The INCOSE president Ralf Hartmann called it "an essential contribution to our strategic ambition to evolve systems engineering to a fully model-based discipline." Tool vendors including PTC, Qualtech Systems, and a wave of newer entrants were equally effusive. Yet in the weeks following the announcement, a familiar problem reasserted itself: the most technically sophisticated modeling language in the world is only as useful as the models built with it, and the community had almost no large-scale, publicly accessible SysML v2 models to work from.
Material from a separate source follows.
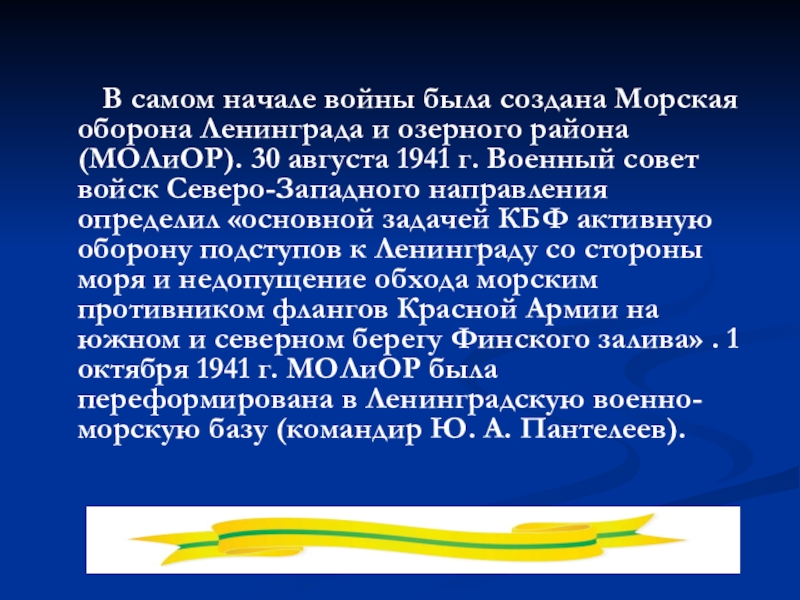 оборона Ленинграда и озерного района (МОЛиОР). 30 августа 1941 г. Военный совет войск Северо-Западного направления определил «основной задачей КБФ активную оборону подступов к Ленинграду со стороны моря и недопущение обхода морским противником флангов Красной Армии на южном и северном берегу Финского залива» . 1 октября 1941 г. МОЛиОР была переформирована в Ленинградскую военно-морскую базу (командир Ю. А. Пантелеев).

It was precisely that gap that Philipp Helle and Gerrit Schramm of Airbus Central Research & Technology in Hamburg set out to close. Their approach — applying the new language to the most celebrated systems engineering achievement in history — is both strategically shrewd and genuinely illuminating.
Why Apollo 11?
The selection of the Apollo 11 mission as the modeling subject was deliberate on multiple counts. From a technical standpoint, the mission constitutes a genuine system-of-systems (SoS): a Saturn V launch vehicle, a Command and Service Module, a Lunar Module, crew, ground systems, and a mission timeline of extraordinary complexity, with tightly coupled temporal dependencies — staging sequences, orbital insertion windows, Trans-Lunar Injection burns — that stress any modeling language attempting to capture both structure and behavior in a unified representation.
From a communicative standpoint, the mission is universally legible. Every engineer understands the Saturn V's five F-1 engines, the separation of the Command Module Columbia from the Lunar Module Eagle, and the 102-hour, 45-minute flight to lunar orbit. That shared understanding makes the Apollo 11 model an exceptionally effective vehicle for demonstrating — and critiquing — the expressive power of SysML v2 to an audience that extends well beyond modeling specialists.
Finally, the mission is exceptionally well-documented. Decades of NASA historical records, technical specifications, flight plans, and the official history Chariots for Apollo (Brooks, Grimwood, and Swenson, 1979, updated 2012) provided a rich factual substrate against which model fidelity could be verified.
The Language Under Examination
The paper's second primary contribution is a rigorous empirical evaluation of what SysML v2 can and cannot yet do in practice. The findings are nuanced, and worth examining feature by feature.
Textual notation. The most transformative change from SysML v1 is the introduction of a formal, standardized textual syntax. Where SysML v1 was primarily a graphical notation — diagrams first, interoperability as an afterthought — SysML v2 treats text as the primary, machine-readable representation of the underlying model graph. This single change has profound downstream consequences. Models stored as text can be version-controlled with standard tools like Git, enabling collaborative engineering workflows familiar from software development. They can be parsed and queried by any standards-compliant tool. And, as the research community has rapidly recognized, the textual format dramatically lowers the barrier for AI-assisted model generation: multiple recent studies presented at the 2024 INCOSE International Symposium found that Large Language Models could generate syntactically valid SysML v2 far more readily than they could produce correct SysML v1 diagrams.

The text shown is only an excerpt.